The Poisson distribution is appropriate to use if the following four assumptions are met:
Assumption 1: The number of events can be counted.
We assume that the number of “events” that can occur during a given time interval can be counted and can take on the values of 0, 1, 2, 3, … etc.
Assumption 2: The occurrence of events are independent.
We assume that the occurrence of one event does not affect the probability that another event will occur.
Assumption 3: The average rate at which events occur can be calculated.
We assume that the average rate at which events occur during a given time interval can be calculated and that it is constant over each sub-interval.
Assumption 4: Two events cannot occur at exactly the same instant in time.
We assume that at each extremely small sub-interval exactly one event occurs or does not occur.
The following examples show various scenarios that meet the assumptions of a Poisson distribution.
Example 1: Number of Arrivals at a Restaurant
The number of customers that arrive at a restaurant each day can be modeled using a Poisson distribution.
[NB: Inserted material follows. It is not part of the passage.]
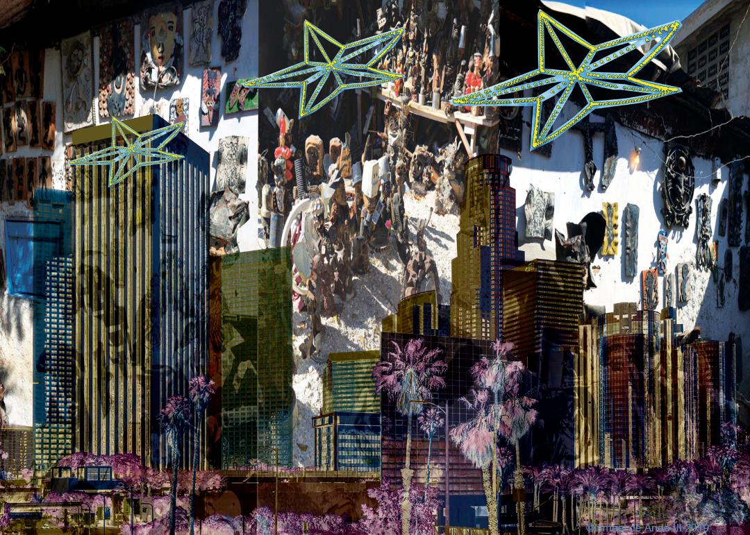 Un corposo programma di performance, workshop e proiezioni ha affiancato le tante installazioni site specific realizzate da artisti di Haiti di cui segnalo Jerry Reginald Chery aka Twoket, Wesner Bazile, Aurelien Moliere, Steevens Simeon, e internazionali; come Tom Bogaert, Louis Henderson, Laura Heyman, Alia Farid, Jean–Louis Huhta, Fabien Clerc; i lavori realizzati a distanza dall’artista californiano Ismael De Anda, in collaborazione con Gina Cunningham e Jim Ricks, che rielaborato i loro lavori fotografici realizzando un quartetto di collage digitali dal titolo, Trance Portal Fierce Love Quartet, che ritrae una sorta di portale concettuale per trascendere le distanze tra le culture ibride che si alimentano tra Haiti, Los Angeles, El Paso, il Texas e Ciudad Juárez e il Messico.
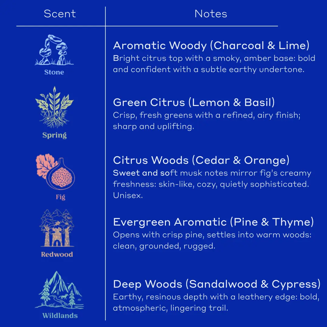 Ā·Redwood: A crisp, woodsy scent.

This scenario meets each of the assumptions of a Poisson distribution:
Assumption 1: The number of events can be counted.
The number of customers that arrive at a restaurant each day can be counted (e.g. 200 customers).
Assumption 2: The occurrence of events are independent.
Assumption 3: The average rate at which events occur can be calculated.
We can easily collect data on the average number of customers that enter the restaurant each day.
Assumption 4: Two events cannot occur at exactly the same instant in time.
Two customers cannot technically enter a restaurant at exactly the same moment in time.
Example 2: Number of Network Failures per Week
The number of network failures that a tech company experiences each week can be modeled using a Poisson distribution.
This scenario meets each of the assumptions of a Poisson distribution:
Assumption 1: The number of events can be counted.
The number of network failures each week can be counted (e.g. 3 network failures).
Assumption 2: The occurrence of events are independent.
It’s assumed that the occurrence of one network failure does not affect the probability that another network failure will occur.
Assumption 3: The average rate at which events occur can be calculated.
We can easily collect data on the average number of network failures that occur each week.
Assumption 4: Two events cannot occur at exactly the same instant in time.
Two network failures cannot occur at the exact same moment in time – only one network failure can occur at once.